Both callbacks receive { mountPointer }. onBeforeMount also receives props, namespace, and an emit function to push events to the host (see Remote→Host events).


Error containment

When the remote component throws during render, the bridge isolates the crash: the mount point renders null instead of broken UI, and the host is notified via onError:

// checkout-mf/src/entry.ts
export const register = createMFEntry(
  CheckoutWidget,
  undefined,
  undefined,
  (err) => {
    logger.error('CheckoutWidget crashed', err)
    analytics.track('mf_render_error', { remote: 'checkout' })
  },
)

The error boundary resets automatically on the next propsChanged event, so a recovered component re-renders cleanly when new props arrive — no manual reset needed.


Remote→Host events

Remote components can push events back to the host shell — without shared module state.
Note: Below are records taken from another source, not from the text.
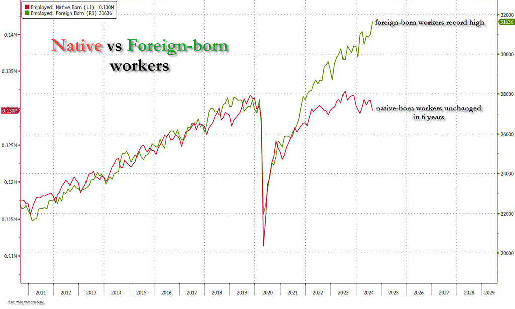 “While the quality of job gains in the past year has clearly been catastrophic – a necessary condition to give the impression that headline, or quantitative, job growth was strong – there was a very clear reason for that, and it goes back to what we have been pounding the table on in the past: The reason is the continued replacement of native-born workers with immigrants (some legal but mostly illegal),” Zero Hedge concluded. “It is anything but a theory: it is cold hard fact.”
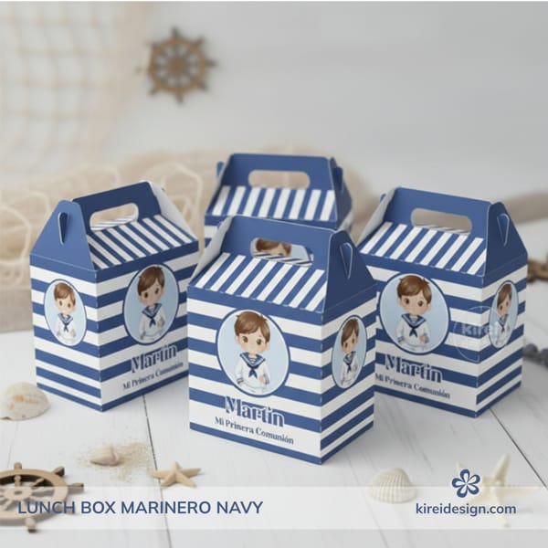Cajita tipo lunch box marinera personalizada con el nombre del niño e ilustración coordinada con la colección Marinero Navy. Una opción original y muy práctica para entregar recuerdos de Primera Comunión con un toque elegante y cuidado.
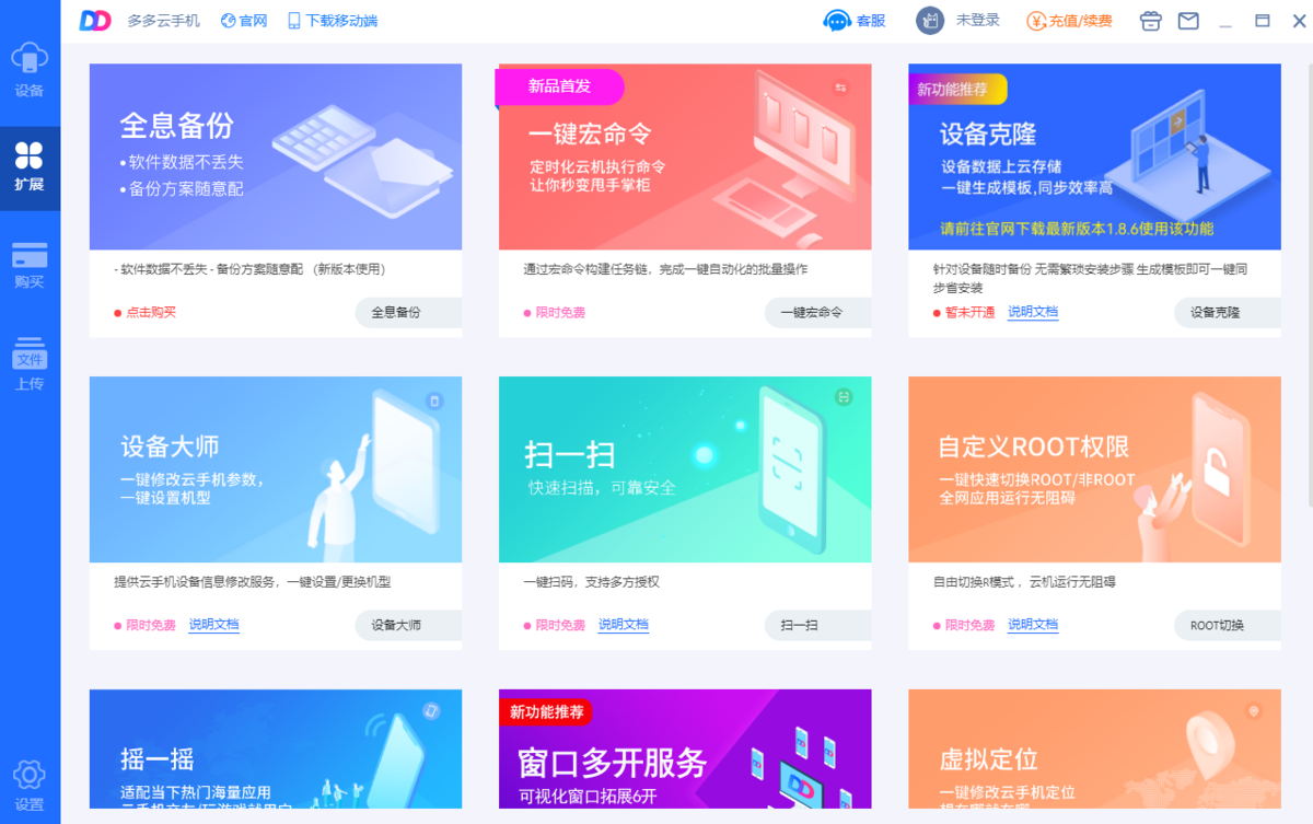 多多云手机是一款好用的云端虚拟游戏平台,多多云手机软件之中用户可以在电脑之中运行各种手机的软件以及游戏,在软件之中用户可以稳定的执行在线挂机功能,让用户可以随时进入游戏获得奖励,长时间在线,可以让用户获得更多的资源,也在某些游戏防止敌人进攻。

Use emit inside createMFEntry and onEvent on the host side.

Remote side — call emit(type, payload?) from onBeforeMount or pass it into the component:

// checkout-mf/src/entry.ts
export const register = createMFEntry(
  CheckoutWidget,
  ({ emit }) => {
    // Give the component a way to notify the host
    CheckoutWidget.onOrderPlaced = (orderId: string) =>
      emit('orderPlaced', { orderId })
  },
)

Host side — handle events via onEvent:

<MFBridgeLazy
  register={() => import('checkout/entry').then(m => m.register)}
  props={{ orderId }}
  onEvent={(type, payload) => {
    if (type === 'orderPlaced') navigate('/confirmation')
    if (type === 'cancelled')  navigate('/cart')
  }}
  fallback={<Spinner />}
/>

Events travel over the same DOM CustomEvent channel as prop streaming — no shared globals, no React context crossing bundle boundaries.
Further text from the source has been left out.